More runner gone wild!
Mark, Darren, and I waiting for the start.
   While riding to the start line Mark asked me how I was feeling about the race. I actually said "Well, I have to do it now. The car is back at the finish!" We talked about our time goals and Mark promised me that if I got 2:45 or under, he would shave off his beard. It was all the inspiration I needed to decided I needed to push it as hard as I could. But, I knew it wouldn't be easy. The weather was going to he in the low 80's. That is pretty hot for this time of year. And I still had a headache. This was going to be a challenge.
   When we got to the top, I met 2 nice women who were running the marathon and we chatted about racing and different races worth visiting in the Utah/Idaho/Washington area.
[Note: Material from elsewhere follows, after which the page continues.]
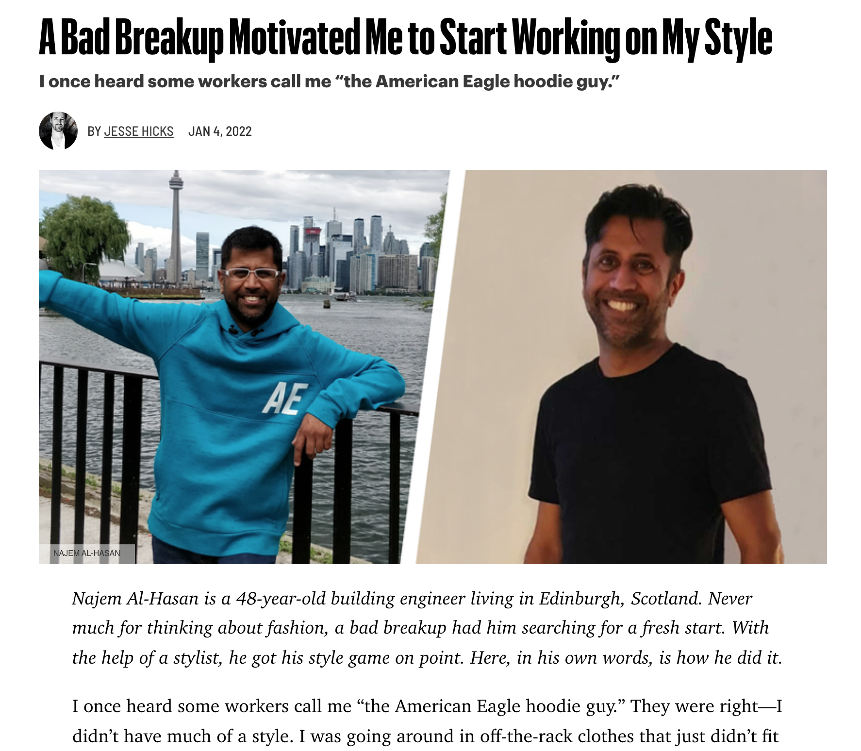 I normally don't share client work, but Men’s Health recently reached out and asked if I would share a client transformation. One of my guys, Najem, came to mind quickly. He’s been a pleasure to work with - helping him cultivate and improve his own unique sense of style (grooming & clothing). He's been implementing things incredibly well. Read the article on Men's Health to see more.

They were so nice about my running goals and gave me lots of encouragement. At the top, I also found my brother, Darren, who was running his first ever half marathon. He is a speed demon who ran in high school and while in the military who was coming back the the sport. I was so excited for him! This is a great race to get his feet wet with, so I knew he was going to do awesome.  
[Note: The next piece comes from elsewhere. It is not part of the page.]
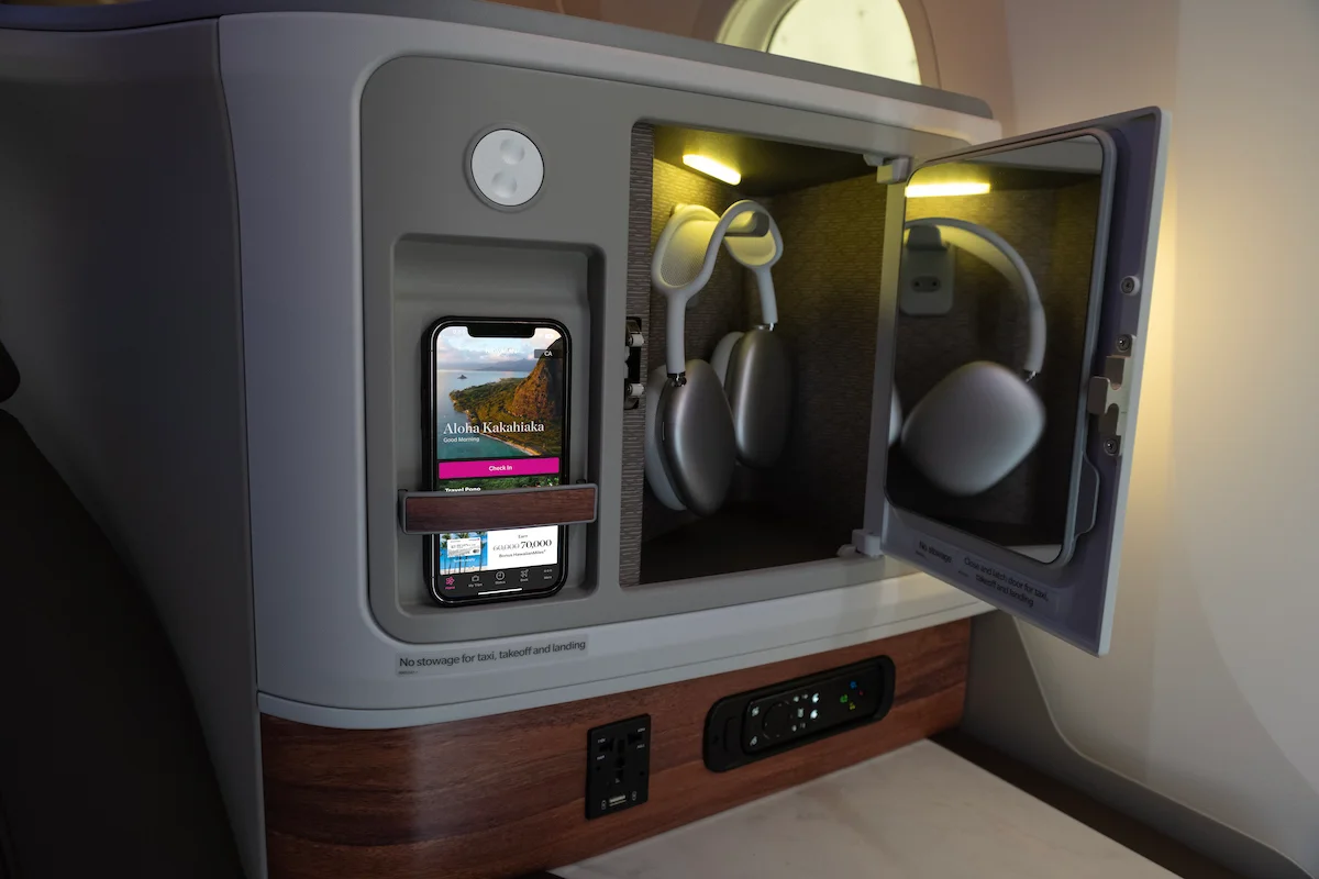 Alle Sitze haben einen 18″ Bildschirm, mehrere Strom- und USB Anschlüsse, sowie die Möglichkeit zum kabellosen Laden. Ob man wirklich Apple AirPods Max als Kopfhörer bereitstellt, wie auf den Bildern gezeigt, darf man abwarten. Hawaiian Airlines wäre hier aber meines Wissens die erste Airline die dies tut.

   The race started 10 minutes late, and I could feel my head getting worse, but the race energy got to me and I was ready to go when the time came. I always start in the middle to back part of the start and have to push my way around walkers, who for some reason, always line up near the front. Mark and I ran together for the first tiny bit. Then Darren caught up to me and we ran for a minute together before his long strides left me in the dust. I found a nice pace and tried to keep myself from running too fast at the first. This is the only somewhat downhill of the race and I knew I needed to have a good run then to pad my time for the 9 flat miles, but I also didn't want to burn out, so I found a good pace and kept at that. 
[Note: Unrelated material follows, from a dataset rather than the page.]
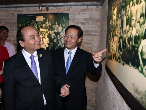 | Le Premier ministre Nguyên Xuân Phuc (gauche) à l'école de Yucai de Nanning, le 11 septembre dans la province chinoise du Guangxi. |

   I ran the first 3 miles straight, then decided to run 7/1 intervals so that I would have the energy to push through after mile 10 came. That is usually when I fall apart and need all the help I can get to finish. I checked my time and realized I had been running 10:30 miles, a lot faster than I probably should have been, but I was making great time! I also ran back into my two new marathoner friends and, since they were hoping for a 5:15 finish, I knew they were going the pace I should to get a 2:30-2:45 time, so I started pacing with them. One of them also lost her first born, so we talked about hoe running helped with loss, death and spirituality, and our precious daughters. Miles flew by and before I knew it we were at the mile 7 watering station. I knew I had to eat some fig bars or I was going to die at that point, so they ran on while I ate and walked an extra minute. I kept them in my view for another mile, but then my darn body started rebelling.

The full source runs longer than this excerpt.